Dataset section ▸
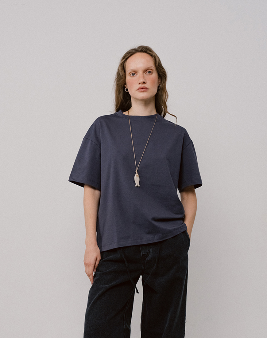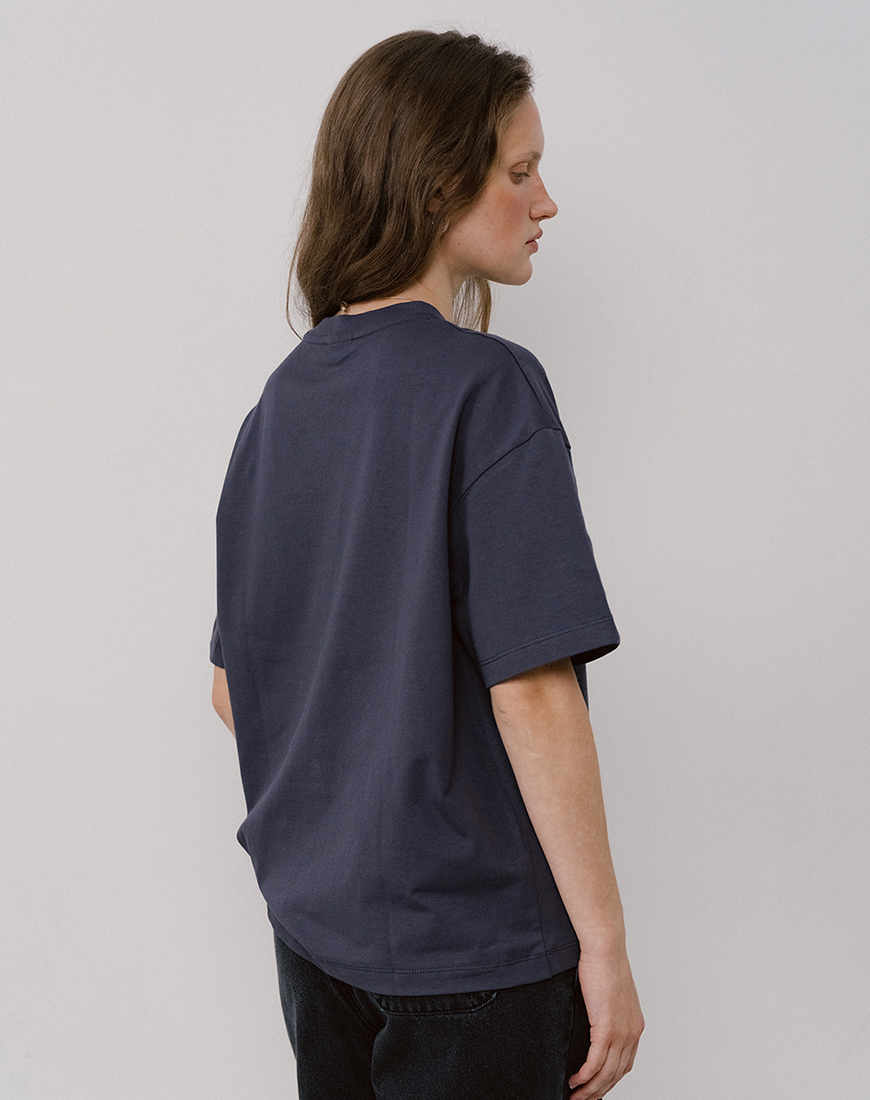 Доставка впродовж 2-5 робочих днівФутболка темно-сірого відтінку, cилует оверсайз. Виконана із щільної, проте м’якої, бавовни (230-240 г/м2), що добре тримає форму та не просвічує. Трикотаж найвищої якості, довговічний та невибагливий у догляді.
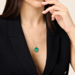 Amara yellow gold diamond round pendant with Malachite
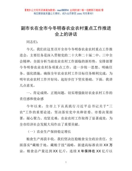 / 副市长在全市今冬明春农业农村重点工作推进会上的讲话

Your objective ▸
Once more, give the listing above exactly, leaving each picture out.

Output for this task ▸
 Доставка впродовж 2-5 робочих днівФутболка темно-сірого відтінку, cилует оверсайз. Виконана із щільної, проте м’якої, бавовни (230-240 г/м2), що добре тримає форму та не просвічує. Трикотаж найвищої якості, довговічний та невибагливий у догляді.
 Amara yellow gold diamond round pendant with Malachite
 / 副市长在全市今冬明春农业农村重点工作推进会上的讲话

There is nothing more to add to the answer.